About the author: The authors are Fourth Year students of Gujarat National Law University (GNLU). On 12 July 2020, an expert committee established by the Ministry of Electronics and Information Technology released its report on the “Non-Personal Data Governance Framework” for the country. The report identifies the potential of data as a commodity, and aims to leverage non-personal data for domestic development.
Non-personal data and the need to regulate it
Non personal data is a set of anonymised or aggregated data which excludes personally identifiable information. This means that individuals cannot be identified using such data. The criteria of identifiability depends on a multitude of factors such as any characteristic, trait, feature of the identity of a natural person, or a combination of such features.

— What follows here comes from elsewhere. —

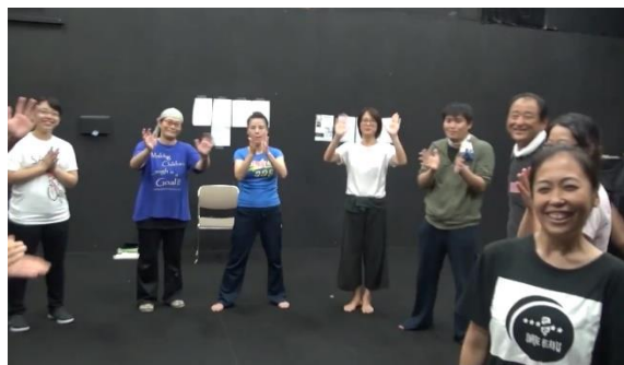
劇団銅鑼座員によるワークショップの様子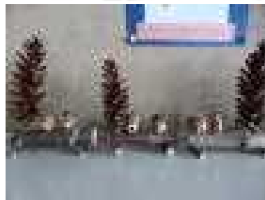
1年「どんぐり・まつぼっくりのおきもの」

The idea behind a law for non-personal data (‘NPD’) emanates from the recognition that data has an economic value, which should not be restricted to big companies that have access to a large amount of data by virtue of their hegemony in the data market. NITI Aayog has also noted, in its discussion paper, that concentration of data in the hands of few dominant players creates high entry barriers for small businesses. In a conversation about the report, Kris Gopalakrishnan, the head of the Committee, stated that since larger businesses have the wherewithal to comply, the intent is to make it easy for smaller companies to become a data business and get access to data. Moreover, recognising collective data as a resource, the expert committee on NPD believes that it is an invaluable resource that can be used for good governance.
Types of Data
The Report divides NPD into three categories: (1) Public NPD, which is data collected or generated by the government/any agency of the government; (2) Community NPD, which includes ‘raw/factual’ data belonging to any community (group bound by common interests); and (3) Private NPD, which is derived from assets or processes privately-owned. Private NPD, unlike Community data, includes inferred or derived data and insights involving application of algorithms and proprietary knowledge, along with data about non-Indians.

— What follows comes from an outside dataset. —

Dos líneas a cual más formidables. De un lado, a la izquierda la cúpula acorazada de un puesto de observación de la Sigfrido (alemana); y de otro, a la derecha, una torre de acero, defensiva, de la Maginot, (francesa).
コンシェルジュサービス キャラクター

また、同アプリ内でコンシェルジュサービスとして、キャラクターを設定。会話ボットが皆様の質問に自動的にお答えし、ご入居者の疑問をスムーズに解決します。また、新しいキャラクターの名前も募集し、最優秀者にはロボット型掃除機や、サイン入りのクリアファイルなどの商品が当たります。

The concept of ‘sensitive data’, which, inter alia, relates to national security or data bearing risk of collective harm to the group, has been inherited from the Personal Data Protection Bill, 2019 (‘PDP’). Further, since the consent clause under PDP for collection and processing of personal data is not wide enough to cover personal data which is anonymised such that all personal identifiers are removed, thereby converting it into NPD, the Committee suggests that the data principal be asked for her consent for anonymisation of data and its subsequent usage. However, in a competitive and innovative market where uses of data are multitudinous and ever-expanding, it is impractical to expect that a data principal will be informed of all potential uses of her data. Moreover, the lack of periodic monitoring in such regard would incentivise companies to use data for purposes that have not been consented to. The only safeguard in this regard is that the data custodian, who undertakes all processing of such data, has to do so in a manner that is in the best interests of the data principal, and with a duty of care towards the community.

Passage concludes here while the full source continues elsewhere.